Chapter 33: Anomaly Detection — Market Regime Detection, Unusual Pattern Recognition & Tail Risk Hedging

Overview

Anomaly Detection в трейдинге применяется для выявления необычного поведения рынка: аномальных движений цен, манипуляций, flash crashes, внезапных изменений режима рынка.
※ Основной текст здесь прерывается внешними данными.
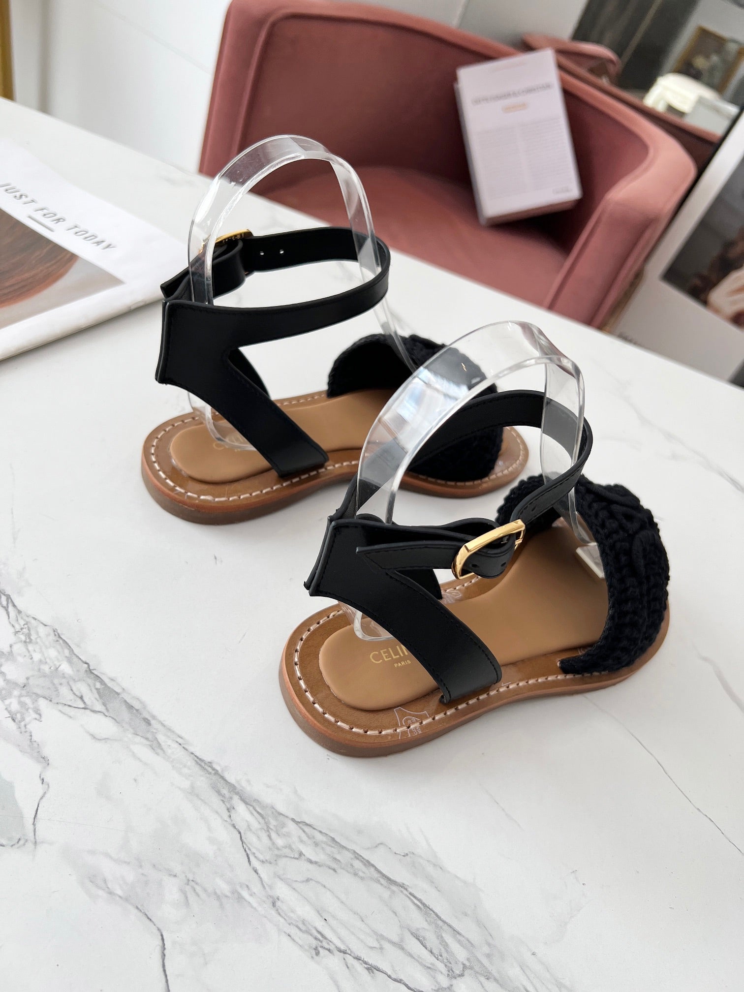 Celine 25C Lympia Sandal Black Fabric with Calfskin 238176

Это критически важно как для risk management, так и для поиска торговых возможностей — аномалии часто предшествуют крупным движениям.

Trading Strategy

Суть стратегии: Multi-layer anomaly detection:

Statistical anomalies: Z-score, IQR-based outliers в returns и volume
Pattern anomalies: Отклонения от типичных паттернов (Isolation Forest, Autoencoder)
Regime anomalies: Hidden Markov Models для обнаружения смены режима

Сигнал на вход:

Protective exit: Закрытие позиций при обнаружении аномальной волатильности
Contrarian entry: Вход после flash crash, когда аномалия завершается
Regime switch: Адаптация стратегии при смене рыночного режима

Risk Management: Автоматическое снижение позиций при повышенном anomaly score

Technical Specification

Notebooks to Create

#	Notebook	Description
1	`01_statistical_anomalies.ipynb`	Z-score, IQR, rolling statistics
2	`02_isolation_forest.ipynb`	Unsupervised anomaly detection
3	`03_autoencoder_anomaly.ipynb`	Neural network reconstruction error
4	`04_variational_autoencoder.ipynb`	VAE для probabilistic anomaly detection
5	`05_hidden_markov_model.ipynb`	Regime detection with HMM
6	`06_mahalanobis_distance.ipynb`	Multivariate outlier detection
7	`07_local_outlier_factor.ipynb`	LOF для density-based detection
8	`08_dbscan_clustering.ipynb`	Cluster-based anomaly detection
9	`09_lstm_autoencoder.ipynb`	Sequence-aware anomaly detection
10	`10_real_time_detection.ipynb`	Online anomaly scoring
11	`11_trading_signals.ipynb`	Converting anomalies to signals
12	`12_backtesting.ipynb`	Full strategy backtest

Anomaly Detection Methods

Statistical Methods:
├── Z-Score              - Simple univariate detection
├── Modified Z-Score     - MAD-based robust detection
├── IQR Method           - Quartile-based outliers
├── Grubbs Test          - Single outlier test
└── Rolling Statistics   - Adaptive thresholds

Machine Learning Methods:
├── Isolation Forest     - Tree-based isolation
├── One-Class SVM        - Boundary-based detection
├── Local Outlier Factor - Density-based detection
├── DBSCAN              - Clustering-based detection
└── Elliptic Envelope   - Gaussian assumption

Deep Learning Methods:
├── Autoencoder         - Reconstruction error
├── Variational AE      - Probabilistic detection
├── LSTM Autoencoder    - Temporal patterns
├── Transformer AE      - Attention-based
└── GAN-based           - Generative anomaly scoring

Probabilistic Methods:
├── Hidden Markov Model - Regime detection
├── Gaussian Mixture    - Multi-modal detection
├── Bayesian Detection  - Uncertainty-aware
└── CUSUM              - Change point detection

Feature Engineering for Anomaly Detection

def compute_anomaly_features(df):
    """
    Create features optimized for anomaly detection
    """
    features = {}

    # Price-based features
    features['return'] = df['close'].pct_change()
    features['log_return'] = np.log(df['close']).diff()
    features['return_abs'] = features['return'].abs()

    # Volatility features
    features['volatility_5'] = features['return'].rolling(5).std()
    features['volatility_20'] = features['return'].rolling(20).std()
    features['vol_ratio'] = features['volatility_5'] / features['volatility_20']

    # Volume anomalies
    features['volume_zscore'] = (
        (df['volume'] - df['volume'].rolling(20).mean()) /
        df['volume'].rolling(20).std()
    )
    features['volume_ratio'] = df['volume'] / df['volume'].rolling(20).mean()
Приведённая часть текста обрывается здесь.